В существенном отступлении от избранного нами жанра мы хотим выдать один из секретов сюжета. Мысль о том, что кто-то ходит за ним по пятам, никогда не приходила в голову Филлариона. Более того, он вряд ли когда-либо замечал своего молодого обожателя. Просто он передумал селиться в «зоне бесконфликтности», и произошло это из-за случайного столкновения с прошлым.
Третьего дня, раскатываясь на доске с роликами вдоль Мола, он умудрился сокрушить велосипедиста, который оказался никем иным, как мистером Аликом Жукоборцем, доктором наук, его бывшим помощником в Московском институте литературы и лингвистики.
— Ба! — вскричал доктор Фофанофф.
— Ба! — ответствовал сокрушенный бывший помощник, ползающий в ногах сокрушителя в попытках найти свои очки, чтобы убедиться, что он не ошибся, что перед ним и в самом деле его бывший наставник Фил Фофанофф, а не гризли, не горилла, не слоноподобный подросток из Гейлсбурга, штат Иллинойс.
Невзирая на большую плешь в форме Новой Зеландии, Алик Жукоборец был молод. Эдакий сорокалетний юноша. До своего выезда из страны всех надежд он считался восходящей звездой в секторе суффиксов и префиксов.
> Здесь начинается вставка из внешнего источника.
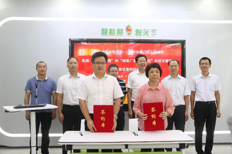 为全面贯彻落实党的二十大精神,深入贯彻习近平总书记视察广东系列重要讲话、重要指示精神,以及省委省政府关于实施“百县千镇万村高质量发展工程”、绿美广东生态建设工作部署,8月25日,好色TV 与梅州市梅江区政府在梅州市乐得鲜(梅江)蔬菜产业园举行实施“百县千镇万村高质量发展工程”合作框架协议签约仪式。梅州市梅江区副区长邱颂霞、梅州市农业农村局四级调研员吴新方及区有关单位负责人,好色TV 副院长杨少海及院属相关单位(部门)负责同志和专家参加会议。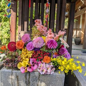 今日のお花の🩷ダリア💛 ①〜③昨年11月、東福寺塔頭勝林寺にて撮影の花手水のダリアのお花です🤗💞 ④Googleフォトから赤いダリアのお花のコラージュが届きました🤩💖 ⑤植物園にて撮影の大輪の黄色いダリアのお花です😍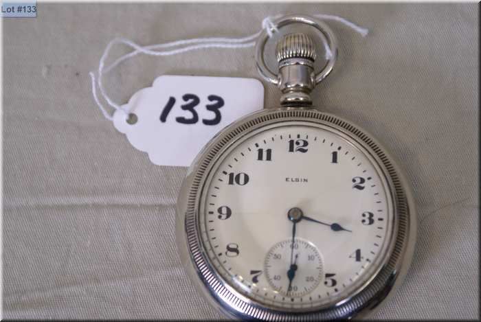 Elgin 18 Size Open Faced Pocket Watch, Made in 1924, stem set, 15 Jewels , nickel silver case, excellent condition & working order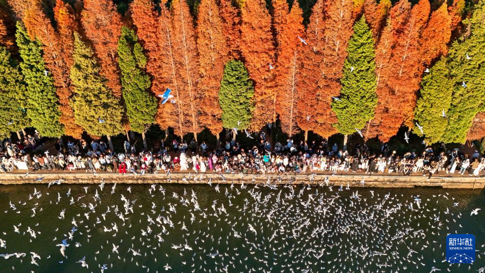 12月10日,游客在滇池畔的海洪湿地公园喂红嘴鸥(无人机照片)。新华社记者 彭奕凯 摄

Теперь, десять лет спустя после совершения акта эмиграции, или, как писали советские журналисты времен застоя, «совершения трагической ошибки, граничащей с преступлением против родины», он все еще считался восходящей звездой в соответствующем секторе на этой стороне Атлантики.
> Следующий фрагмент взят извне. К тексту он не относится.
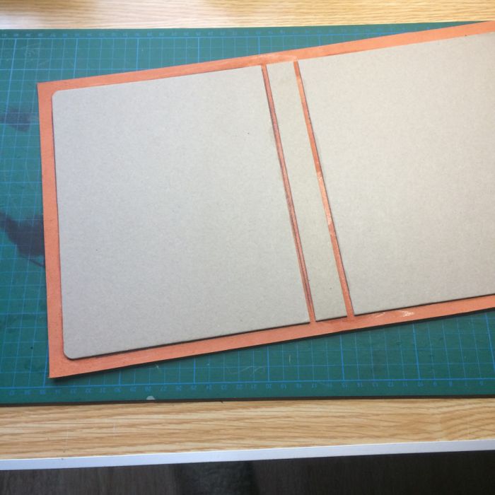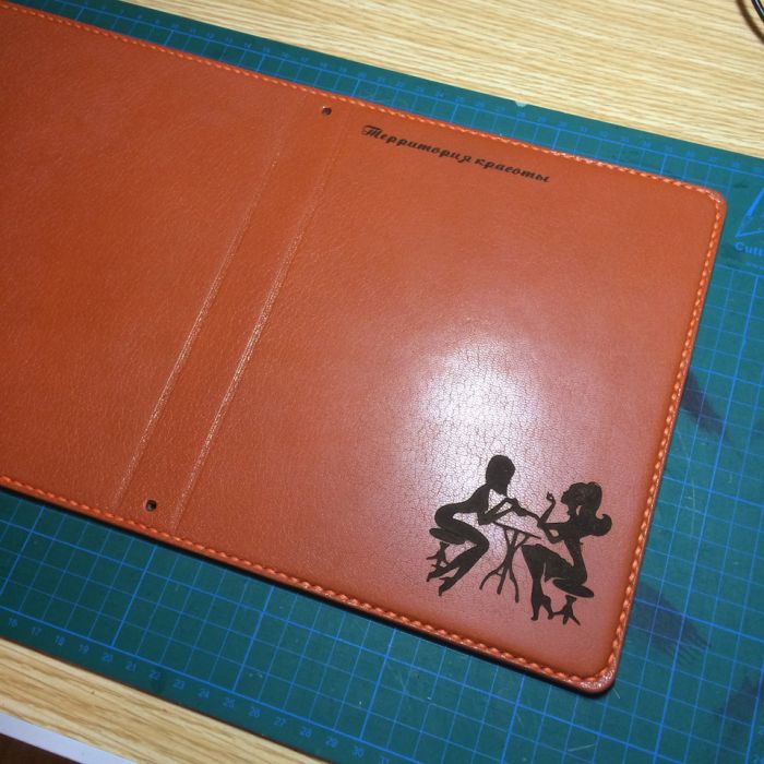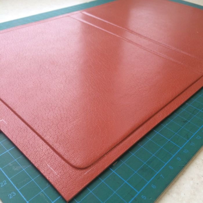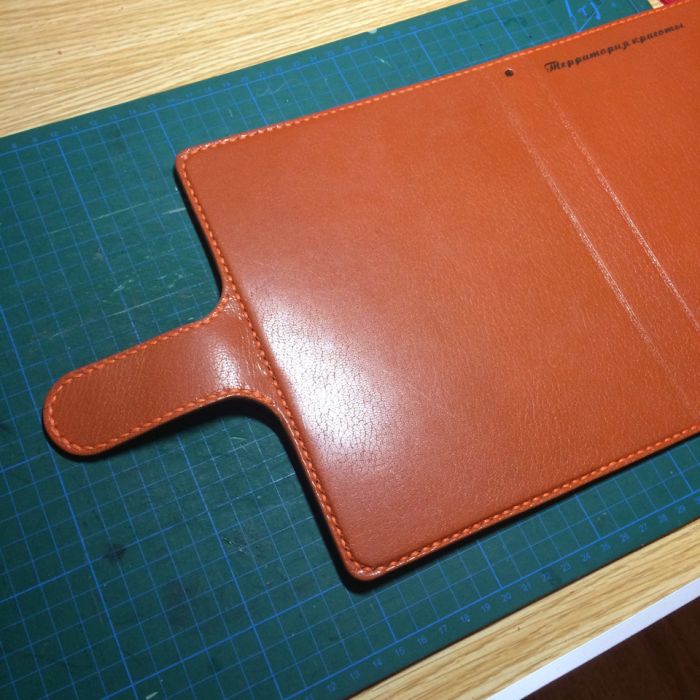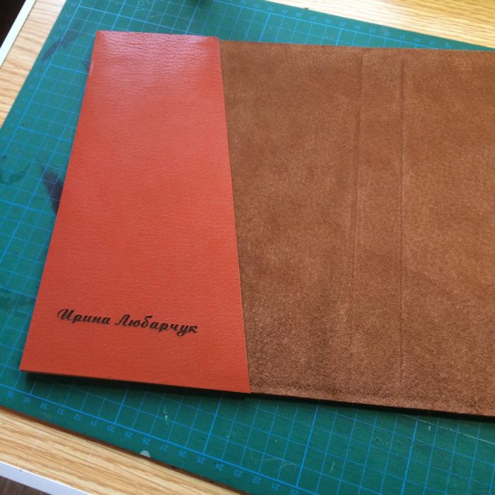 И так … вырезаем заготовку из кожи, размером 23 х 44 см и приклеиваем к ней картон, он дает изделию очень хороший каркас и соответственно долговечность в использовании …

Итак, они не виделись десять лет, и все оставалось по-прежнему — страсть, любопытство, пересекающиеся и сшибающиеся курсы академической рассеянности. Ни филларионовское пузо, ни жукоборческая плешь не изменились ни в размерах, ни в форме. Ситуация в лингвистике, по всей вероятности, тоже не изменилась: столкновение на углу 3-й улицы и авеню Независимости говорит само за себя.
Так или иначе, они снова овладели своими транспортными средствами и поехали вместе вдоль вашингтонской щедрой меморабилии, обелисков, памятников, музеев. Прохожие всех рас и национальностей застывали в изумлении при виде двух ездоков, не обращавших внимания на уличное движение.
— Очень сожалею, что налетел на тебя, Алик, — сказал на ходу Фил Фофанофф. — Тысяча извинений.
— А я и не знал, что ты в этой стране, Фил, — сказал доктор наук Жукоборец. — Если бы я знал, я бы поосмотрительней катался на велосипеде. Давно здесь?
— Десять дней.
— Десять дней! Ты шутишь, должно быть! Не хочешь ли ты сказать, что еще десять дней назад ходил по Арбату? Ну-ка, расскажи мне про арбатских девок! По-прежнему магнитны? Нет-нет, на эту тему мы попозже. Сначала поведай про Сашку Шейлоха. По-прежнему шарлатанит с моими суффиксами и префиксами?
— Саша Шейлох все еще в тюряге. Он, знаешь ли, получил семь лет за статью «Суффиксы и префиксы в идеологической войне».
— Шейлох в тюрьме! — вздохнул Жукоборец не без некоторой зависти. — Сидит за мою тему! Дорого бы я заплатил, чтобы вытащить его из тюрьмы и сказать ему напрямую, что я думаю о его шарлатанстве в области благородных частиц речи.